On Wednesday, a Gordon Haskett analyst became positive on Lyft stock for the first time in more than a year, providing some respite for investors hit by a slew of negative headlines in recent days.
Lyft Stock Discussion
The Lyft stock of the ride-sharing app fell by more than 12 percent on Tuesday after the United States Department of Labor released a recommendation that might require the company to categorize drivers as employees rather than independent contractors. The announcement came shortly after at least two market analysts had cut their recommendation on the company to a level similar to neutral, citing rising hurdles from the competition by Uber Technologies (UBER). Over the past month, Lyft stock has experienced a decline of 38%.
However, Robert Mollins, an analyst at Gordon Haskett, believes that the underperformance of the shares, when combined with other factors such as an increase in the supply of drivers and improved conversion rates (the percentage of people who open the app and then take a ride), creates a favorable balance between potential risks and rewards. After having it on Hold since August of last year, he changed his rating on the shares to Buy on Wednesday after having it at Hold since then.
On Wednesday, the stock’s price reached $11.96 after a gain of 6%. Price is expected to reach $24 according to Mollins’ projections. According to what he had said, “we see various catalysts to drive multiple expansion in the near-term.”
First things first, according to Mollins, concerns concerning the availability of drivers are unwarranted and unfounded. Although an analysis conducted last week by RBC analyst Brad Erickson on 400 rides showed that Lyft Inc.’s (NASDAQ:LYFT) pick-up times were 10% slower than Uber’s, Mollins’ proprietary data on 840 rides indicate that wait times have improved by a half-minute quarter over quarter. This contrasts with Erickson’s finding that, on average, Lyft’s pick-up times were 10% slower than Uber’s. RBC’s assessment has been challenged by Lyft, which asserts that it reached a new peak in the number of drivers during the third quarter, which concluded in September.
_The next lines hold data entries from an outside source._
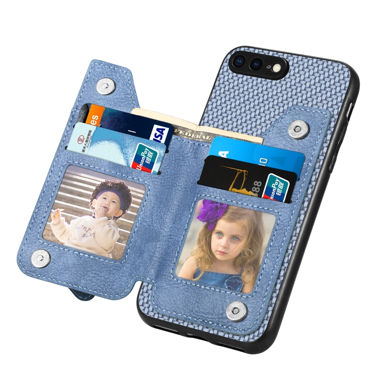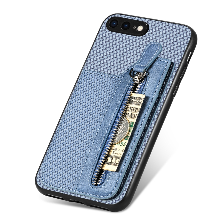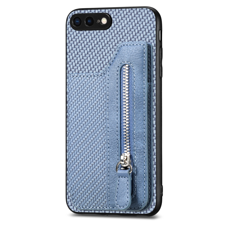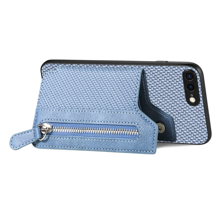Estuche para Teléfono iPhone SE 2022 / 2020 / 7 / 8 con Billetera y Cremallera Horizontal de Fibra de Carbono (Azul)
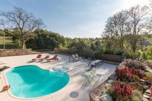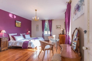 Entrée par portail et une belle allée centrale fleurie, le manoir de Marie est une magnifique demeure, au calme, du début du 20ème siècle, au cœur d'une grande propriété, où se trouvaient d'anciennes distilleries. Dès le seuil, une chaleur, un esprit. Cette demeure de caractère, vous invite à vous sentir bien, par ses grandes pièces, sa luminosité, les belles vues sur l'étang privé, sur le parc et son standing de très grande qualité. La décoration conjugue avec élégance tous les styles. Chaque meuble et chaque objet possèdent une âme… Le tout créant cette ambiance particulière d’une luxueuse sérénité ! Au rez-de-chaussée : cuisine équipée, salon, salle à manger-salon, WC avec buanderie. À l'étage: 5 chambres, 2 salle d'eau (dont une avec WC), 1 salle de bain, 1 WC indépendant. Grande terrasse semi-ouverte avec barbecue et plancha, avec vue sur l'étang privé (pêche). Détendez-vous au bord de la piscine (non chauffée mais couverte avec un abri telescopique ), à l'ombre de la tonnelle ou des arbres, une table de ping-pong, un local accueil vélo (prêt de vélo) et pêche. Internet. Draps et lits fait à l'arrivée inclus, linge de toilette inclus. Chauffage aérothermie et cheminée avec insert bois. Charges non comprises (chauffage inclus selon certaines périodes). Label Accueil Vélo.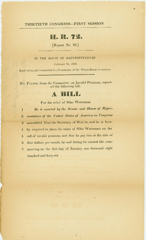 Be it enacted by the Senate and House of Repre- sentatives of the United States of America in Congress assembled, That the Secretary of War be, and he is here- by, required to place the name of Silas Waterman on the roll of invalid pensions, and that he pay him at the rate of four dollars per month, for and during his natural life, com- mencing on the first day of January, one thousand eight hundred and forty-six. |

According to the Haskett analyst, the commentary provided by management regarding conversation rates is also positive. Lyft stock reported not so long ago that the company’s conversion rates in the third quarter were the highest in some years.
To be clear, Mollins continues to believe that “Lyft is disadvantaged in comparison to Uber” and maintains a Buy rating for Uber. However, at this moment, it seems like Lyft’s investors are happy to hear any news as long as it is not harmful. The company’s third-quarter results are typically made public sometime around the beginning of November.